Activity: In the records below, find the line that contains "Citroner, blommor och" and the line that contains "步驟五:將該聚集點拖到外面。"; write out exactly those two lines and everything between them, without the pictures.
(Beginning of Data extract)
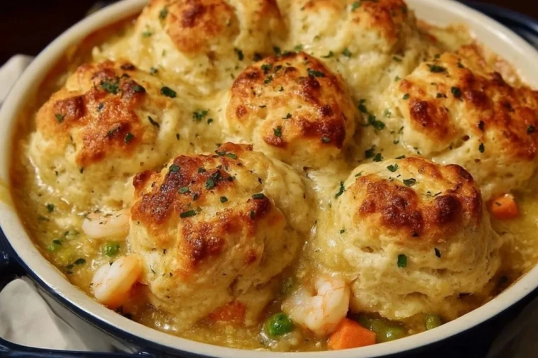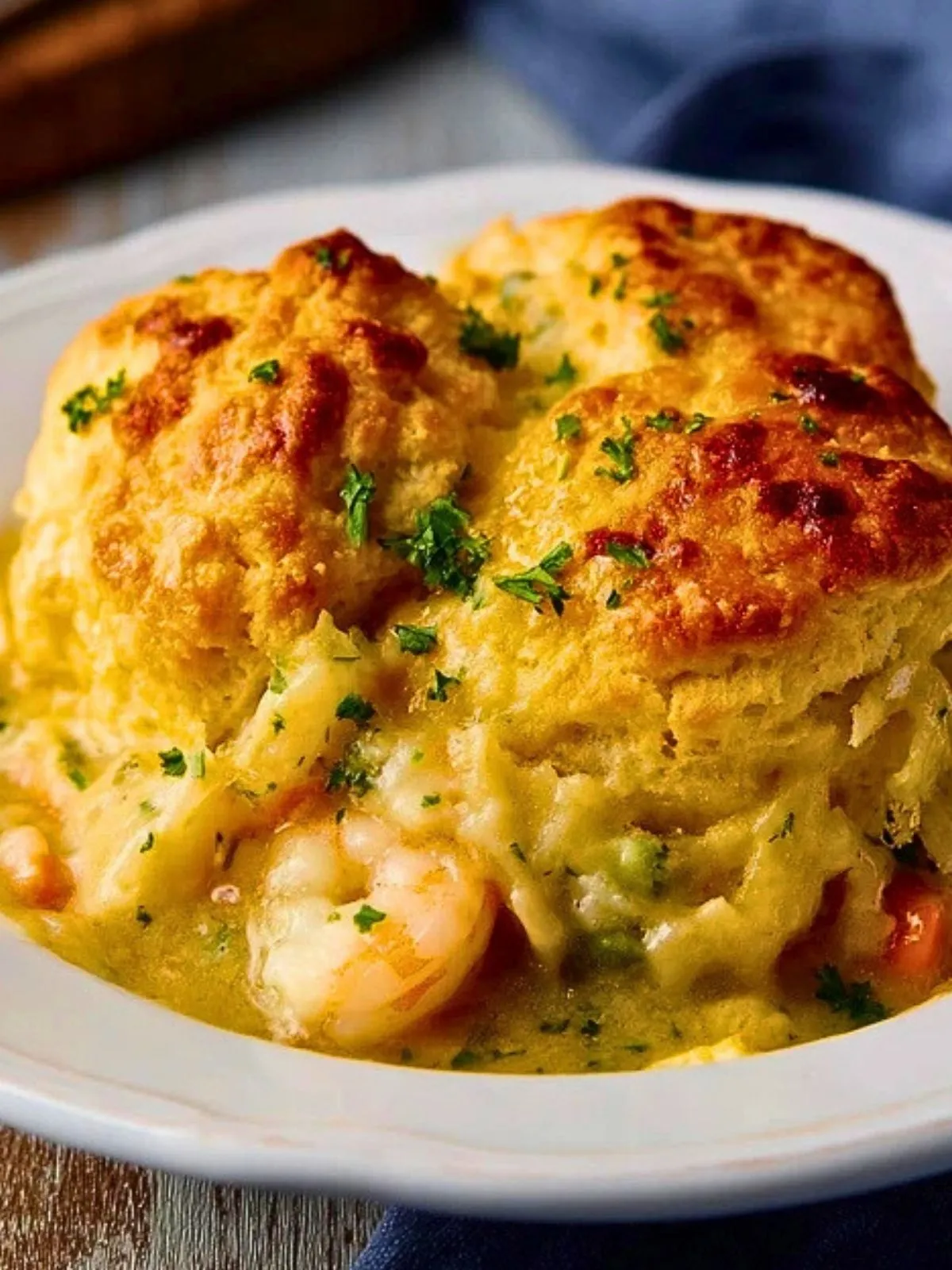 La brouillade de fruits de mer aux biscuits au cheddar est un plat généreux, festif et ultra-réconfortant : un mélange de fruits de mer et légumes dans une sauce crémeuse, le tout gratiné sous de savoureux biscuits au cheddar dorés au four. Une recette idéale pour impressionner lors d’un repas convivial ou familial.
(End of Data extract)
(Beginning of Data extract)
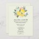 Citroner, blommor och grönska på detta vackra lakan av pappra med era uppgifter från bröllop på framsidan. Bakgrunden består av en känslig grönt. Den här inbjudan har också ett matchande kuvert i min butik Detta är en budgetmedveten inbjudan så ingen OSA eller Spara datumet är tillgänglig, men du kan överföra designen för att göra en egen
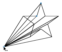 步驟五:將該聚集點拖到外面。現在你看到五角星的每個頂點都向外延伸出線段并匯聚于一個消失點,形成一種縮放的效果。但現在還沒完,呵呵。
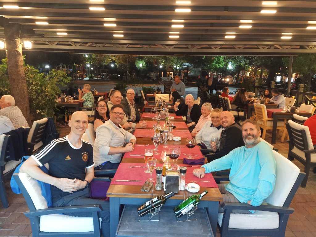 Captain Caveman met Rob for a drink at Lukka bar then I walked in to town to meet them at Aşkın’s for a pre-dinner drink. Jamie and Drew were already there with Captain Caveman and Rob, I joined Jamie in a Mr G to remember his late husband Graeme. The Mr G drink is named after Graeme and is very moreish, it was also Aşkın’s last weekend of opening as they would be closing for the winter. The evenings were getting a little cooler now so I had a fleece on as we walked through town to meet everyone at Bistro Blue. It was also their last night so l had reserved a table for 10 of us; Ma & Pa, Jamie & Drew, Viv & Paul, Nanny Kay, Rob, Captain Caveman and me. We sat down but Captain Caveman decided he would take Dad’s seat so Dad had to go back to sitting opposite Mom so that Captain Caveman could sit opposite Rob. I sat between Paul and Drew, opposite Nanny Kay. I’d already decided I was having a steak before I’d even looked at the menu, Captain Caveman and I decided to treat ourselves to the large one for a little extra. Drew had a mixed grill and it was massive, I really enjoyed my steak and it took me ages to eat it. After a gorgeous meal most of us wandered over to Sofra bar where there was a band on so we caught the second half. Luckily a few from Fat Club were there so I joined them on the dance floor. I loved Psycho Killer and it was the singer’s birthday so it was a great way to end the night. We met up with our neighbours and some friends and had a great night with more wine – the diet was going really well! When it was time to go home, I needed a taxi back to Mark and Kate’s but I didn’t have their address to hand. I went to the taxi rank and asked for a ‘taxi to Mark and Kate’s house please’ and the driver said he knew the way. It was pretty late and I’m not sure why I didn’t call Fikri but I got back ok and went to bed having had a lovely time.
(End of Data extract)
(Beginning of Data extract)
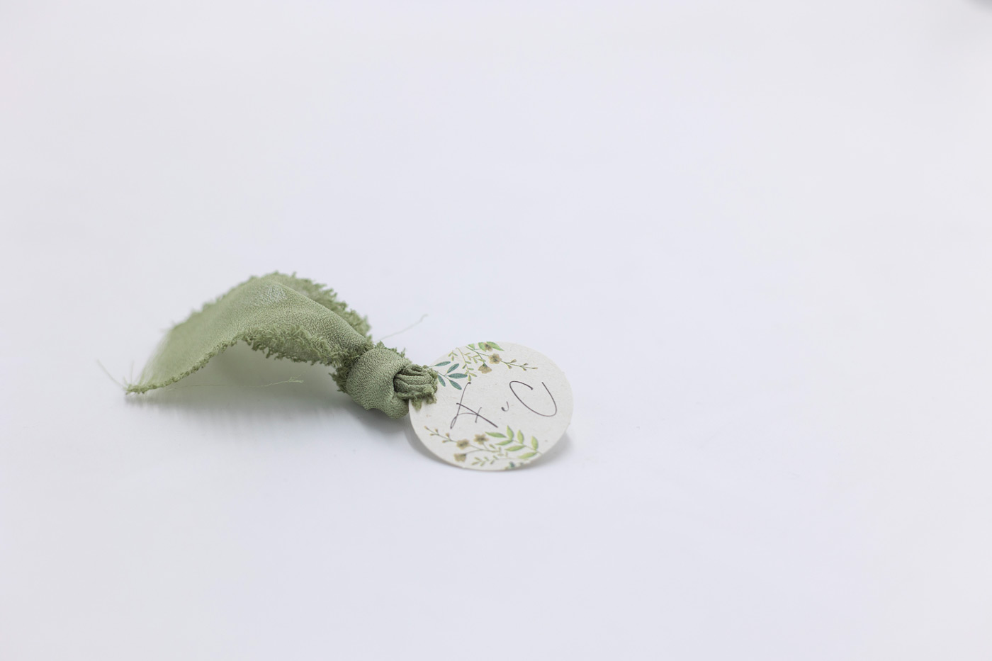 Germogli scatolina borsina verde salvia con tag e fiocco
(End of Data extract)
Solution to this exercise:
 Citroner, blommor och grönska på detta vackra lakan av pappra med era uppgifter från bröllop på framsidan. Bakgrunden består av en känslig grönt. Den här inbjudan har också ett matchande kuvert i min butik Detta är en budgetmedveten inbjudan så ingen OSA eller Spara datumet är tillgänglig, men du kan överföra designen för att göra en egen
 步驟五:將該聚集點拖到外面。現在你看到五角星的每個頂點都向外延伸出線段并匯聚于一個消失點,形成一種縮放的效果。但現在還沒完,呵呵。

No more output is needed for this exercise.